For the best flavor, harvest salad turnips when they are less than 2 inches in diameter. Store the greens in plastic bags in the refrigerator or freezer. Store salad turnip roots that have had their tops trimmed back to 1 inch in the refrigerator for up to several weeks.
With all-purpose turnips, you can harvest two to three outer leaves per plant every two weeks, and the roots will continue to grow. Keep thinning plants and eating the greens, removing those plants that show no signs of bulbing. Pull all-purpose turnips when they are more than 2 inches in diameter, and eat or keep the greens. Mature turnips with their tops trimmed back to 1 inch will store for three months in plastic bags in the fridge. You can also store unwashed, trimmed turnips in damp sand in a root cellar.
Pull rutabagas when the bulbs are larger than 3 inches in diameter, and immediately trim the tops back to half an inch. You can keep your rutabagas refrigerated in plastic bags, or stow them in damp sand in a root cellar for longer storage.
Turnips are winter hardy through Zone 7, and with protection in Zone 6. In climates where turnips survive winter, allow up to three healthy plants to bloom and produce seeds. When the 2-inch-long seedpods turn tan in early summer, gather them in a paper bag, allow the seeds to dry indoors for a week, and then select the largest seeds for replanting.
Rutabagas are true biennials that bloom best in their second year. In fall, select three neighboring plants to be seed producers. Use a protective tunnel to help them survive winter. In spring, the plants will produce 3-foot-tall spikes of yellow flowers. When the 3-inch-long seedpods turn tan in early summer, clip the seed-bearing branches. Gather the seedpods in a paper bag, allow them to dry indoors for a week, and then collect the biggest seeds for replanting.
Gathering outer leaves from turnips naturally interrupts the life cycles of various leaf spot diseases and insect pests. Watch for outbreaks of aphids. If an aphid problem does develop, remove any badly infested leaves, and try our aphid control tips.
As rutabagas grow, they often shed their oldest leaves, which you should gather up and compost. This will reduce slug problems and interrupt the life cycles of many pests and diseases. In fall, lightweight row covers may be needed to protect turnips and rutabagas from deer.
Turnips require attentive weeding and regular watering in order to quickly grow to mature size. Troubled turnips can often be rejuvenated if you cut all foliage back to 2 inches from the crown.

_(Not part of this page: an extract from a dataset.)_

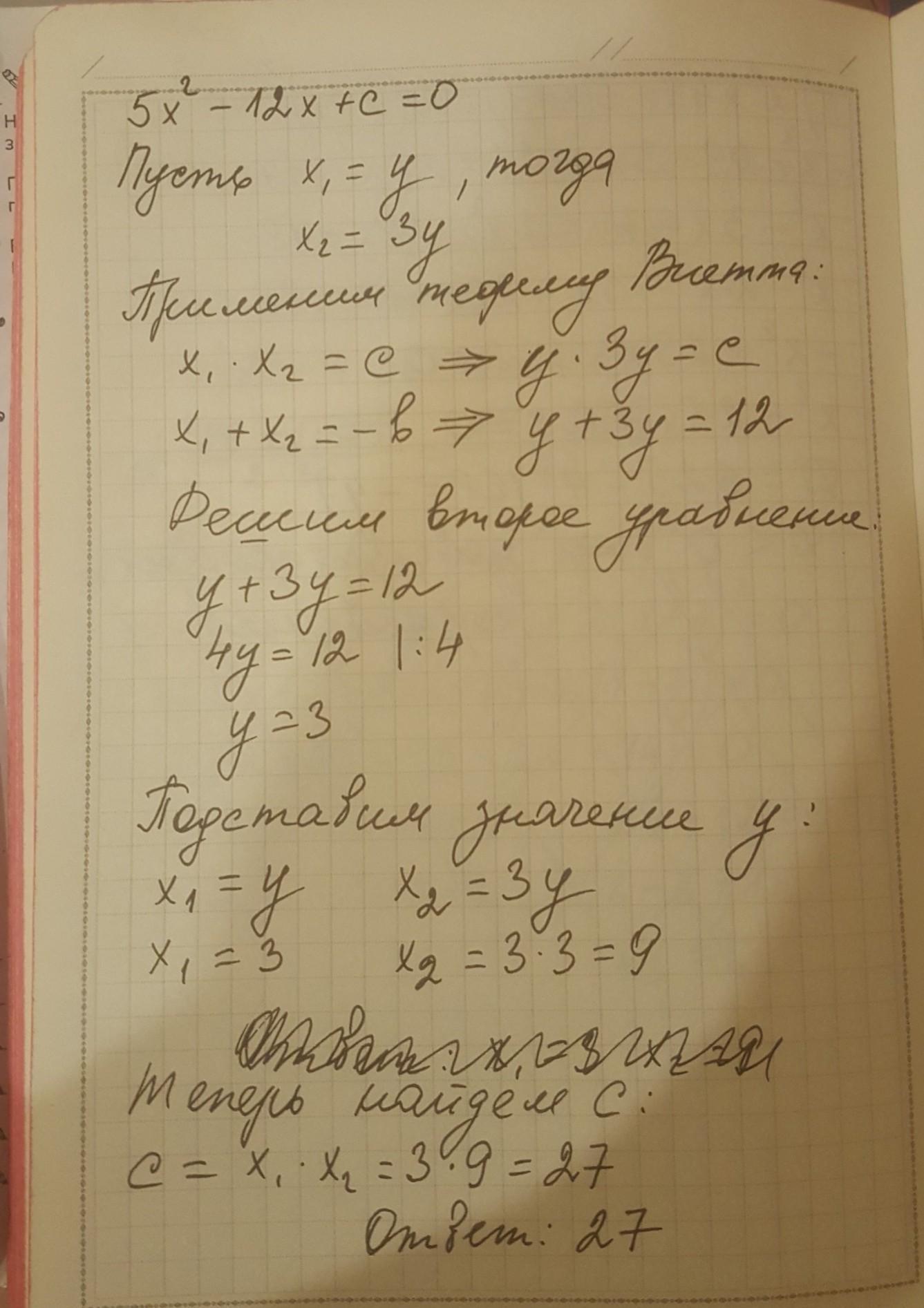 Система из двух уравнений теоремы Виета. Каждая строчка - два уравнения системы по очереди. 4а - это а+3а. поскольку по условию один корень уравнения в три раза больше другого, мы приняли один корень за а, а второй - за 3а. по теореме Виета х1 +х2 = - b, поэтому a+3a=12; 4a=12

In the weeks just before they bulb, rutabagas need soil that is constantly moist. If the soil’s dry, a sudden rain can cause under-watered rutabagas to crack.
Turnips and rutabagas are gaining popularity thanks to their big flavors and versatility. Salad turnips can be eaten raw in slaws and salads, stir-fried with ginger and sesame oil, or pickled for longer storage. Common preparations for larger turnips include cooking them and mashing them with potatoes and roasting with other root veggies (toss with garlic and herbs for a flavor punch). Firm rutabagas can be mashed, grated for rutabaga hash browns or pasta, or seasoned and baked as rutabaga fries. Rutabagas offer a healthy amount of potassium and fiber. Rutabagas and turnip greens are great sources of vitamin C, and turnip greens also provide an abundance of calcium and iron.